If you are just getting into practicing this stuff, try to teach
someone to stack with this
exercise.
Here is the
debrief on the Ober's test
Hip Flexion Limitations (1:06)
Hi Zac , awesome
job you are doing for making us better therapists! Here is my
question How can hip flexion be limited with narrow and wide
compensations? Thank you! Btw come to Europe with Human Matrix
someday! :)
The Straight Leg Raise (9:25)
Hey Big Z. Looking at things through more the lens
of eccentric and concentric orientation, If someone is
demonstrating a limited SLR, what would be the likely limiting
factors.?
In a previous life, I would describe this to
patients as being limited secondary to the anterior tilted position
of the pelvis causing the hamstrings to already be lengthened prior
to an attempted SLR or toe touch.
In this scenario, the pelvis is concentrically
orienting the hip flexors and eccentrically orienting the
hamstrings, which would lead me to think they should not have a
limited SLR.
I think the pelvic floor orientation could be a
limiting factor, but I am unable to visualize how.

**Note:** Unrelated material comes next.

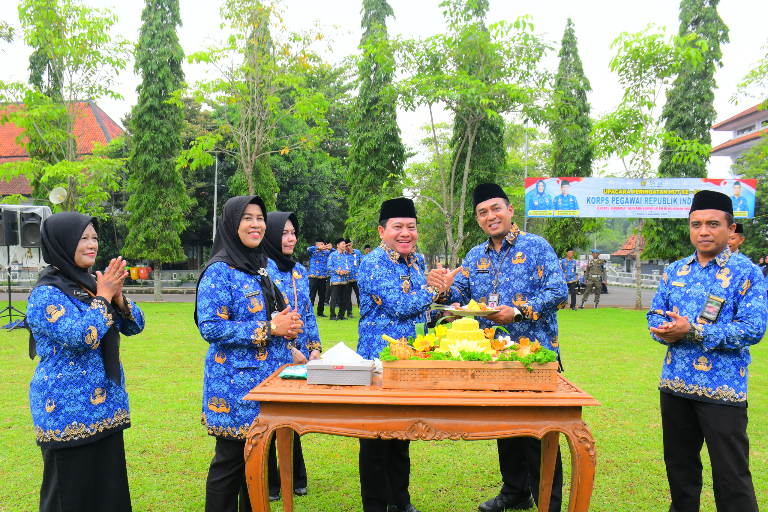 Upacara HUT Korpri diikuti seluruh ASN di lingkungan Pemerintah Kabupaten Pekalongan dan berlangsung khidmat serta lancar.

I would
appreciate any thoughts you have.
Self-Assessing the Infrapubic Angle (27:35)
How can I self assess my infrapubic angle (IPA)?
Where should I literally look for my own IPA? I promise not to sue
myself.
Should I use movement-based tests or passive tests?
(33:32)
What are the
pros/cons of using an Obers test instead of a standing forward
flexion/Gillet test to look at SI dysfunction or pelvic
rotation?
Hip Extension in gait (41:27)
If hip extension and internal rotation are paired, and someone.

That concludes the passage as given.